Data for the task »
- - - - - - -
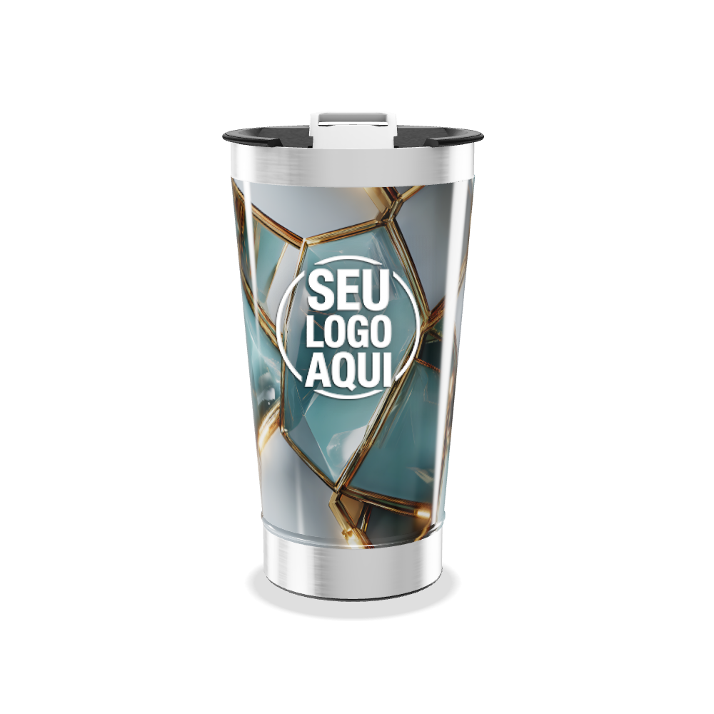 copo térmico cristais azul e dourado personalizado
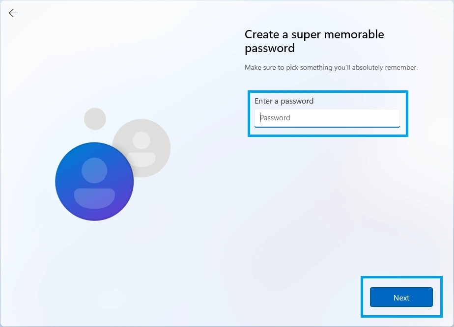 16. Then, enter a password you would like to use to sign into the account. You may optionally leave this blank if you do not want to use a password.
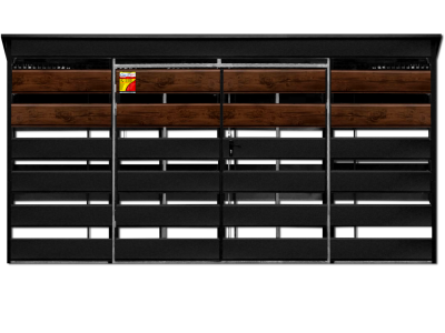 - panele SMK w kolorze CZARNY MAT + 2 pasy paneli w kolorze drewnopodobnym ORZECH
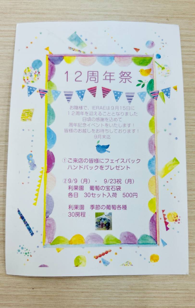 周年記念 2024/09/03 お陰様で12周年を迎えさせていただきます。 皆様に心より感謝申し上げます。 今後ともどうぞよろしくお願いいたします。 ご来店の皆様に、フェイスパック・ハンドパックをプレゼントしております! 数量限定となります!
- - - - - - -
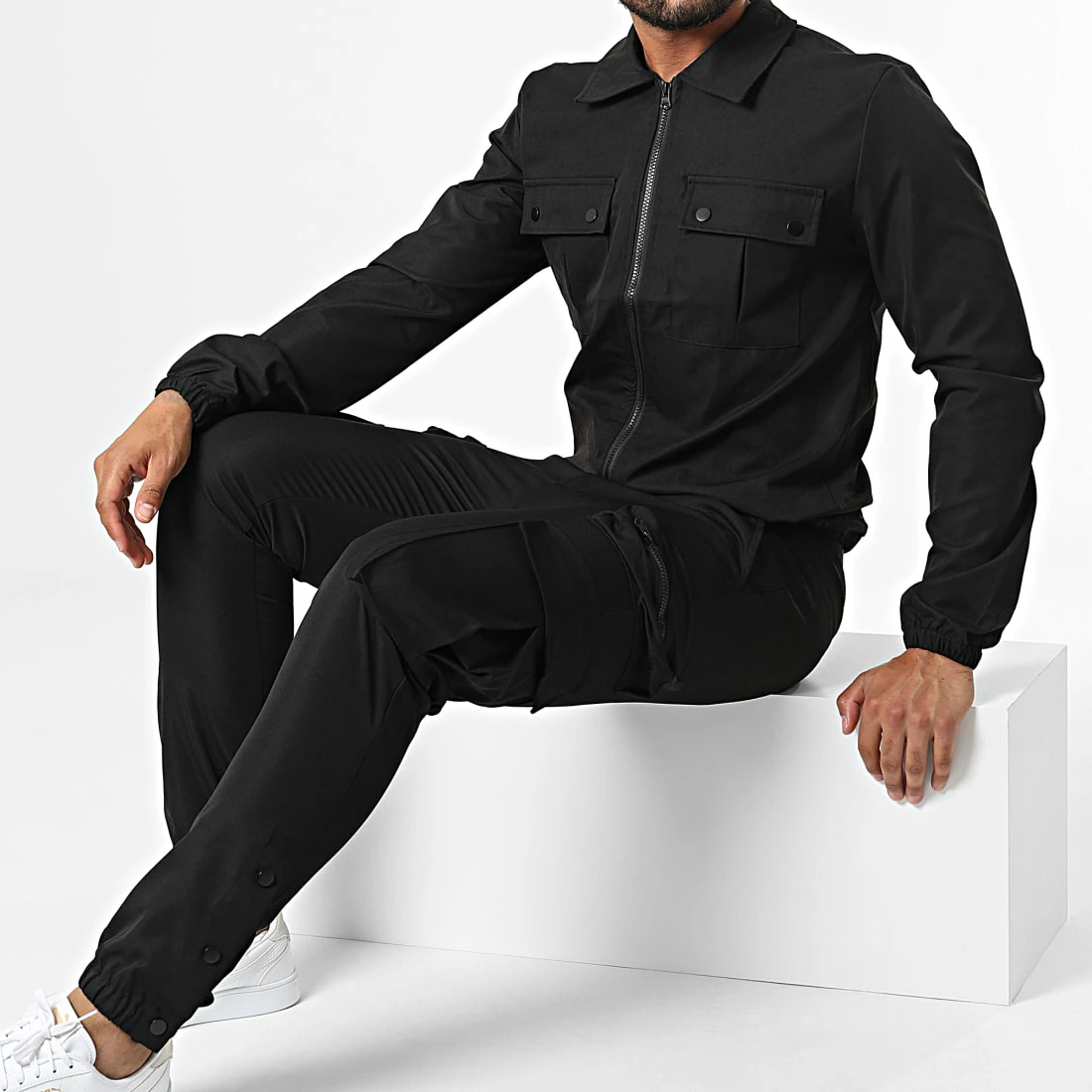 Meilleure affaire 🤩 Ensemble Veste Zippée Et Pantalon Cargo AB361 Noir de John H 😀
- - - - - - -
What is being asked » Although the records hold pictures, the copy must not; give again exactly the lines from the one with "copo térmico cristais" through the one with "周年記念 2024/09/03 お陰様で12周年を迎えさせていただきます。".

Reply to the task »
 copo térmico cristais azul e dourado personalizado
 16. Then, enter a password you would like to use to sign into the account. You may optionally leave this blank if you do not want to use a password.
 - panele SMK w kolorze CZARNY MAT + 2 pasy paneli w kolorze drewnopodobnym ORZECH
 周年記念 2024/09/03 お陰様で12周年を迎えさせていただきます。 皆様に心より感謝申し上げます。 今後ともどうぞよろしくお願いいたします。 ご来店の皆様に、フェイスパック・ハンドパックをプレゼントしております! 数量限定となります!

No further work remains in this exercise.